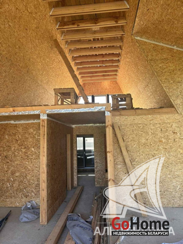 Коробка жилого дома в Пружанском р-не. 2024 г.п. 1 этаж, мансарда. Общ.СНБ - 220,0 кв.м, общ.- 200,0 кв.м, 4 комнаты.
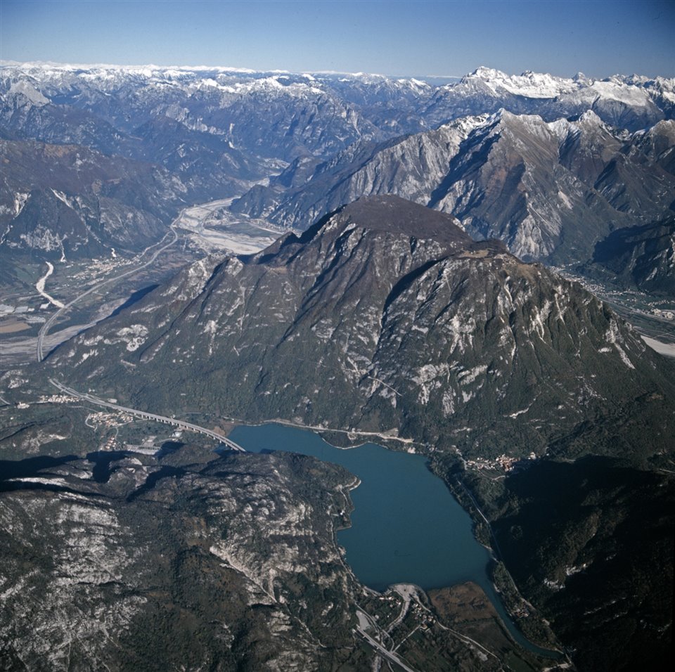 Veduta aerea della Alpi Carniche con il Monte San Simeone in primo piano, il lago di Cavazzo, l’autostrada A23 Palmanova-Tarvisio e il fiume Tagliamento |
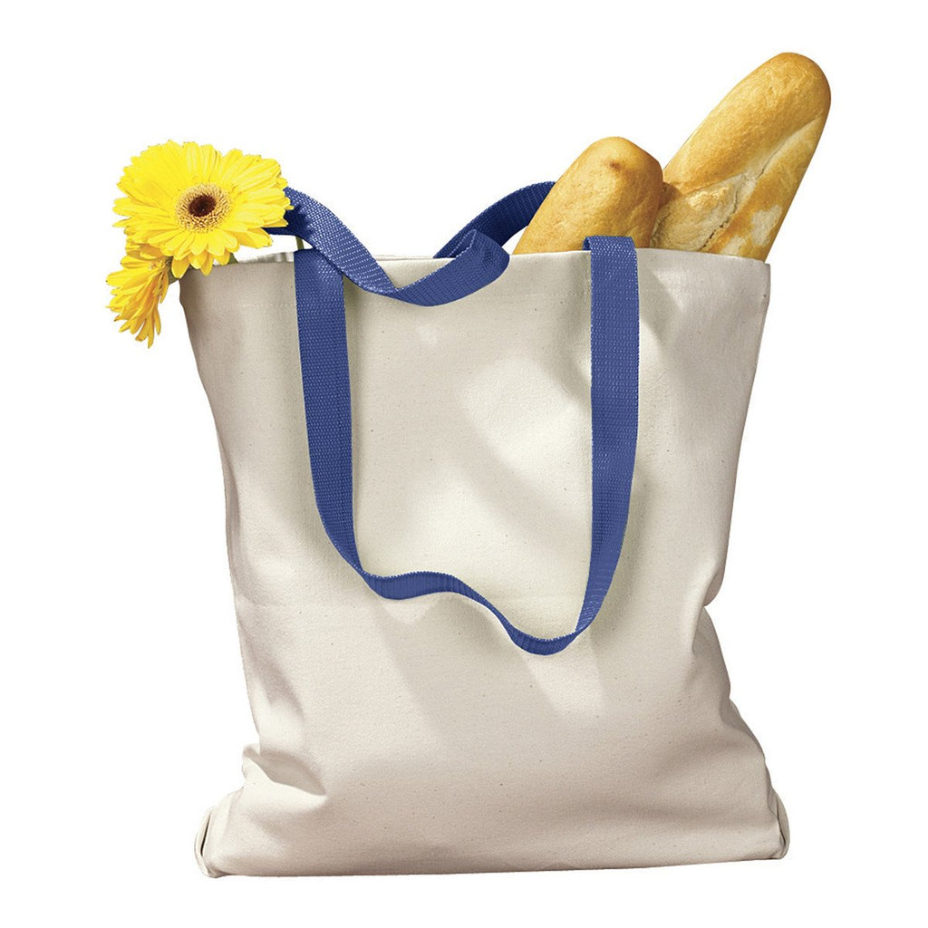 The minimum order for this product is 24 piecesYou might not think that a 100% cotton tote bag can handle the punishment inflicted on it at crowded markets. The 100% cotton BAGedge Natural/Royal 12 oz Canvas Tote with Insert Color here Handles bag resists the types of rips and tears that render other brand tote bags obsolete. Long carrying handles allow you to balance heavy loads against your hip to give you more movement flexibility in tight grocery store aisle. Place the tote on your right shoulder to grab a carton of milk out of the refrigeration unit and then quickly move the tote bag to the left shoulder to allow a customer to pass you by. Add a custom logo to promote your business to potential customers that shop at the same grocery and department stores.
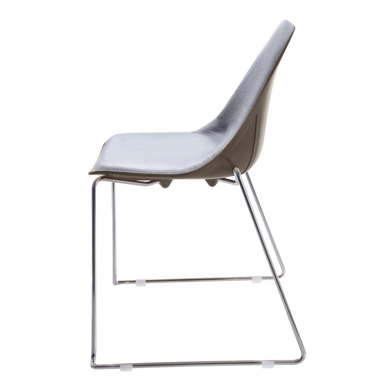 Chair in chromed or painted steel or stained ash wood, 4 legs(also swivel version) or skid frame.Shell in homo-copolymer, X on the seat in contrast or in color(wood or plastic material).
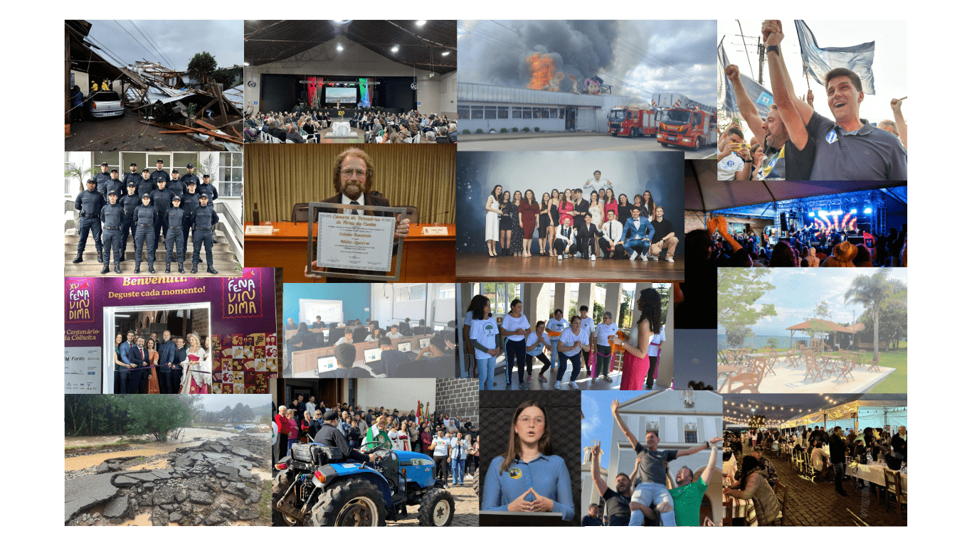 Com eleições municipais, eventos climáticos históricos e um incêndio avassalador, o ano do centenário de Flores da Cunha será lembrado por diversos fatos. Com a fé e o trabalho característicos do nosso povo, os prejuízos do granizo e das enchentes deram lugar a solidariedade e a perseverança. Assim, 2024 terminará com realizações e novos festivais para atrair turistas e confraternizar com a comunidade.
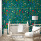Wild Flowers on a Midnight Blue Background Wallpaper
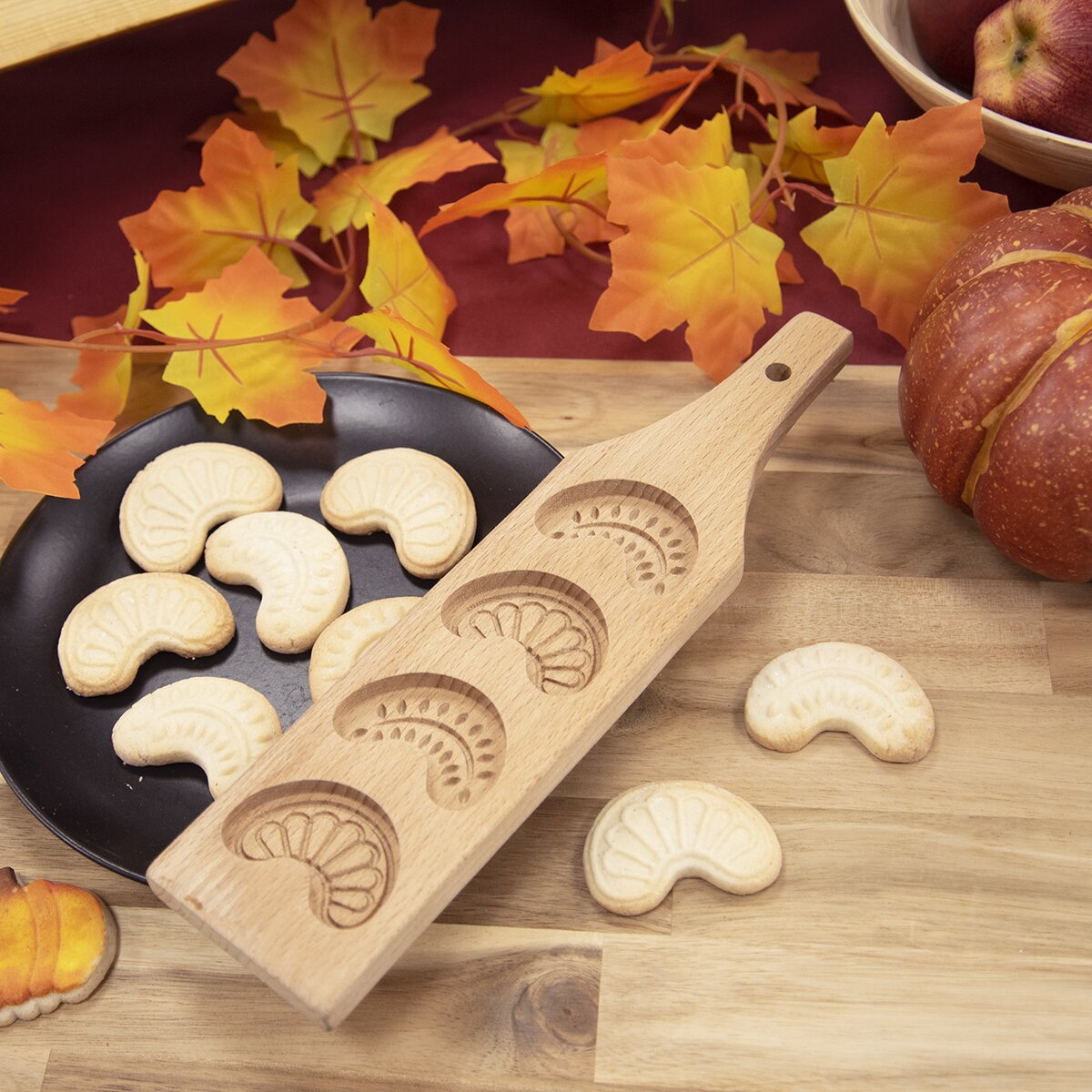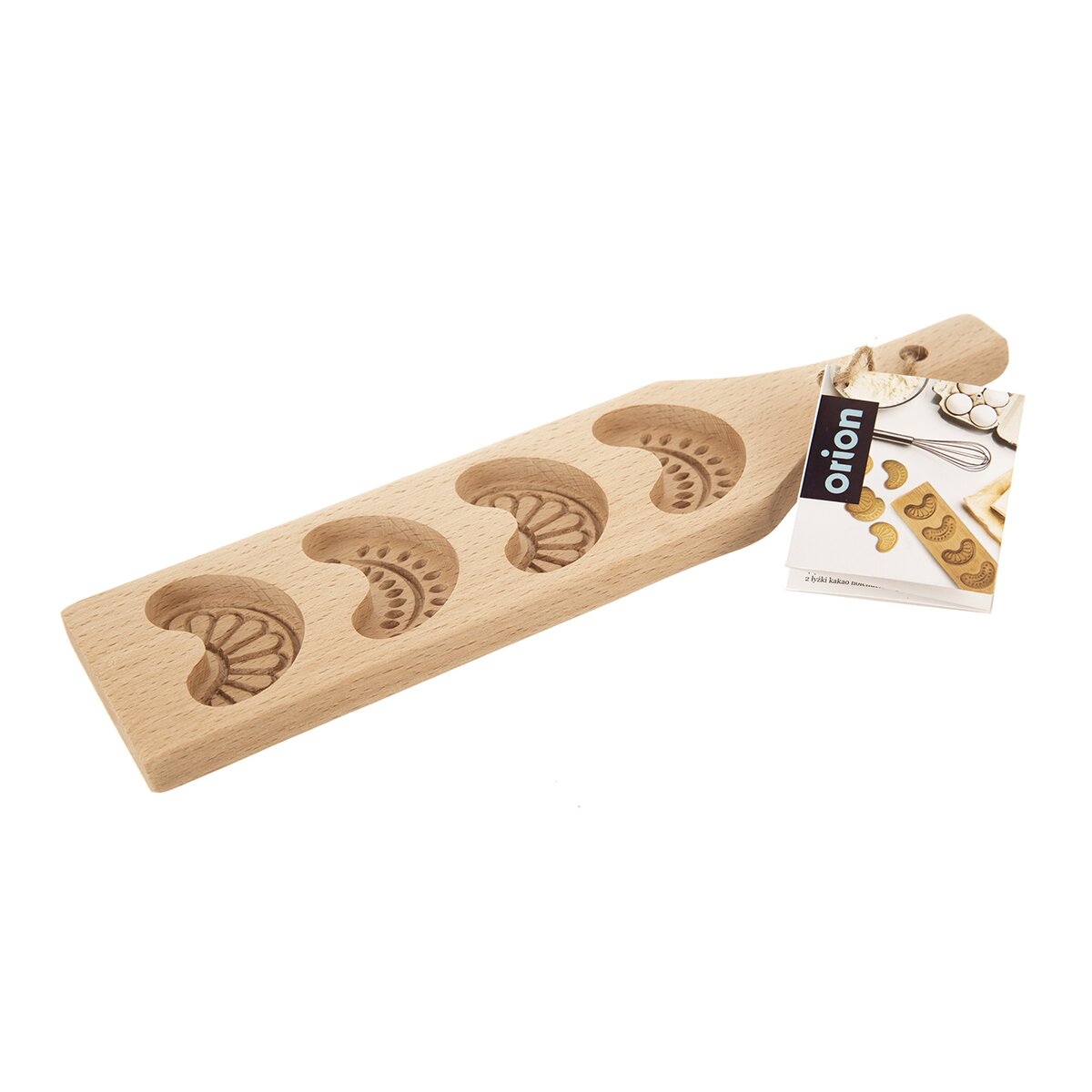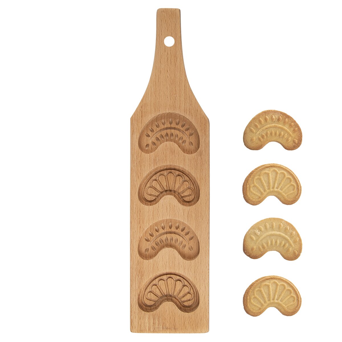 Kód produktu 127428Forma z bukového dřeva na výrobu vytlačovaných sušenek a cukroví ve tvaru rohlíčků se zajímavým reliéfem, bude i krásnou rustikální dekorací.
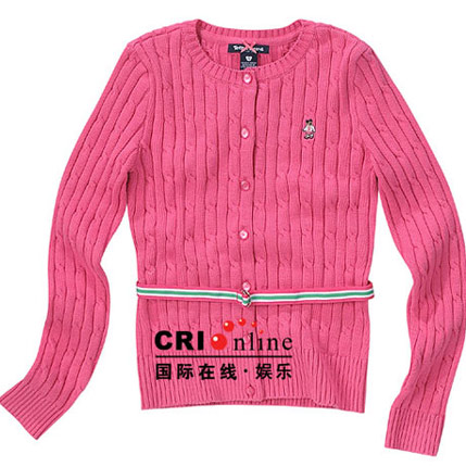 粉色圆领毛衣,腰间的条纹腰带起到很好的收腰作用,粉嫩可爱。
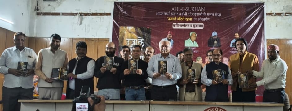 देहरादून: वरिष्ठ पत्रकार एवं शायर दर्द गढ़वाली के ग़ज़ल संग्रह ‘उजाले बांटते रहना’ का गुरुवार को उत्तरांचल प्रेस क्लब के सभागार में लोकार्पण किया गया। कार्यक्रम अध्यक्ष एवं प्रख्यात शायर इक़बाल आज़र, मुख्य अतिथि विजय कुमार ‘द्रोणी’, नवीन नीर, प्रेस क्लब अध्यक्ष भूपेंद्र कंडारी, श्रीकांत श्री, जनकवि डॉ. अतुल शर्मा, सुनील साहिल, बादल बाजपुरी और राजकुमार राज़ ने ग़ज़ल संग्रह का लोकार्पण किया।
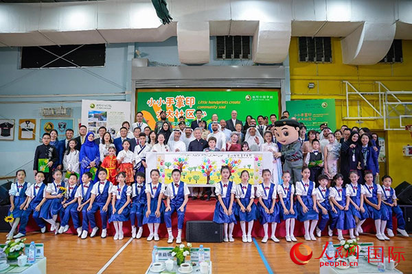 中外嘉宾和孩子们共绘《掌心树影》。人民网 塔里克·易卜拉欣摄
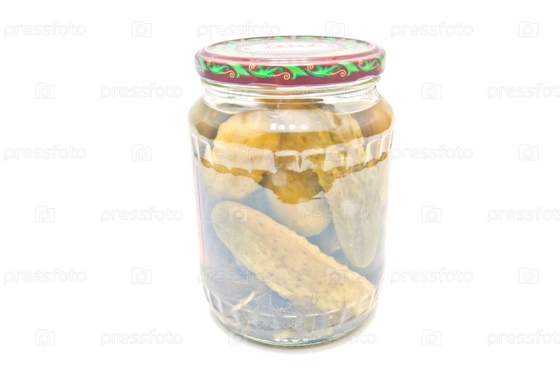 Банка с огурцами крупным планом на белом фоне
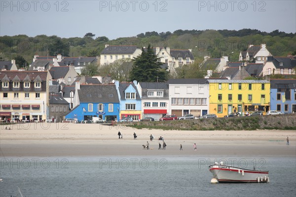 France, Bretagne, Finistere, presqu'ile de crozon, morgat, plage de morgat, maisons aux facades colorees, sable, maree basse, petit bateau,
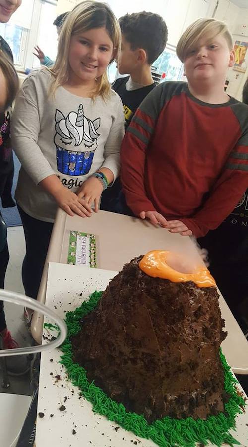 I made this for my daughter’s class when they were done learning about volcanos!! Thank you so much for posting this! I should have made the cake steeper so the chocolate ran down easier..
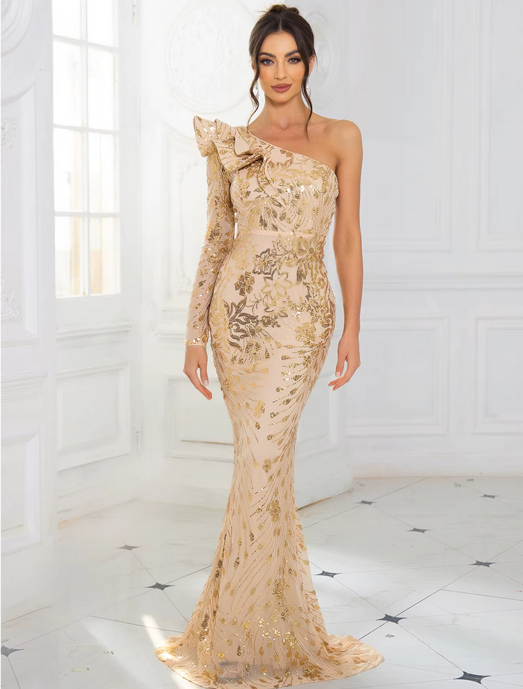 One Shoulder Fit and Flare Civil Wedding Dress Champagne with Floral Appliques
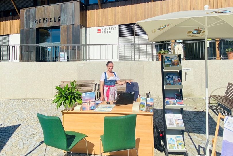Sonniges Wetter und ein blauer Himmel – so sieht der Arbeitsplatz heute für Anna Esterlechner aus. Unter dem Motto „Urlaubsgäste informieren – mal anders“, hat die Tourist-Information Seebruck kurzerhand eine Außenstelle vor dem Rathaus eröffnet. Ein besonderer Hingucker auf dem Rathausvorplatz. Da der Chiemsee Uferweg hier direkt vorbeiführt, kommen viele Radfahrer und Spaziergänger vorbei und bleiben bei diesem ungewöhnlichen Bild stehen. „Die Idee einer Außenstelle der Tourist-Information war schon länger im Gespräch“, so Anna Esterlechner, Leiterin der Tourist-Information. „Jetzt ist der perfekte Moment. Das ist unsere Antwort auf die 3-G-Regel. Wir machen es den Gästen leichter und kommen zu Ihnen, direkt vor Ort.“
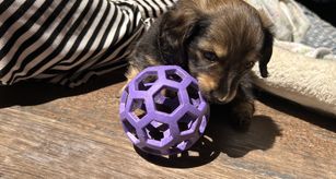 Letty is a gorgeous, small AKC-registered miniature dachshund with a sleek shorthaired cream-based brindle coat that makes her look like a little princess. She’s full of sass and spunk, always ready to play and explore, yet she’s overflowing with love and affection for her people. Letty’s playful spirit, bold personality, and sweet heart make her the perfect blend of lively and loving — a true brindle beauty with a big personality in a tiny package.
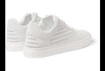 It's wing-tip and basketball sneaker tooling run amok. Balenciaga's new Perforated Leather Sneakers take tooling leather that resembles mesh and has cool edgy fun with it. Every inch of the entire white leather upper is perforated in varied linear and spacial patterns to end up with a tonal and textural unique sneaker all set onto a sturdy white rubber sole. Available now at Mr. Porter.com.

__PROBLEM STATEMENT__: Take the material above from its first line through the line that has "Veduta aerea della" and copy it exactly, without any pictures.

__ANSWER BELOW__:
 Коробка жилого дома в Пружанском р-не. 2024 г.п. 1 этаж, мансарда. Общ.СНБ - 220,0 кв.м, общ.- 200,0 кв.м, 4 комнаты.
 Veduta aerea della Alpi Carniche con il Monte San Simeone in primo piano, il lago di Cavazzo, l’autostrada A23 Palmanova-Tarvisio e il fiume Tagliamento |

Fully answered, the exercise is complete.